WHAT YOU SHOULD DO: What's needed is an exact copy of the lines from the one that contains "Composto por líderes" to the end of the data below, leaving the pictures out.

DATA SEGMENT:
+++++
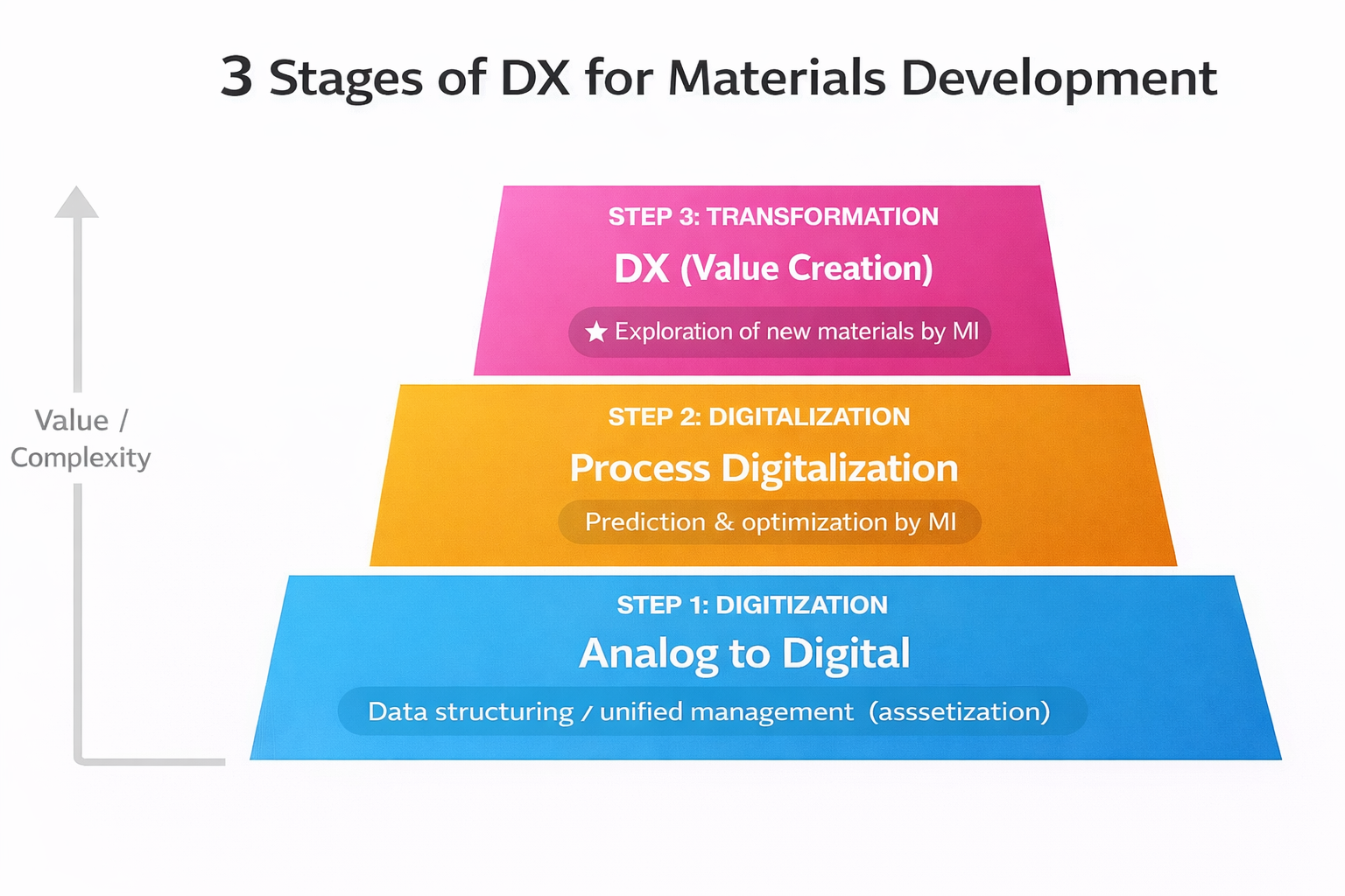 DX is often described as a three-step progression.At Polymerize, we adapt this framework specifically for materials R&D
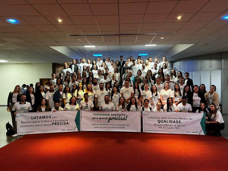 Composto por líderes estudantis, o grupo de aproximadamente 150 alunos debateu com deputados estaduais o programa Faculdade Gratuita, anunciado pelo governador Jorginho Mello e que propõe a compra de vagas no ensino superior catarinense pelo governo do estado, mas que beneficiarão somente um grupo de instituições que representa 30% do alunado matriculado em Santa Catarina.
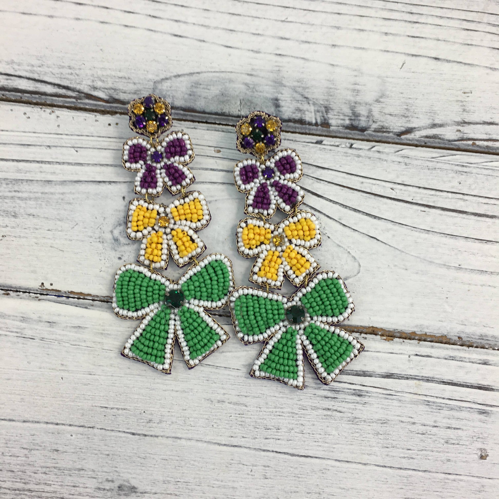 These are our gorgeous beaded Mardi Gras bow earrings! These are stacked so cutely and have adorable little rhinestoned accents!
+++++
SOLUTION FOR THIS EXERCISE:
 Composto por líderes estudantis, o grupo de aproximadamente 150 alunos debateu com deputados estaduais o programa Faculdade Gratuita, anunciado pelo governador Jorginho Mello e que propõe a compra de vagas no ensino superior catarinense pelo governo do estado, mas que beneficiarão somente um grupo de instituições que representa 30% do alunado matriculado em Santa Catarina.
 These are our gorgeous beaded Mardi Gras bow earrings! These are stacked so cutely and have adorable little rhinestoned accents!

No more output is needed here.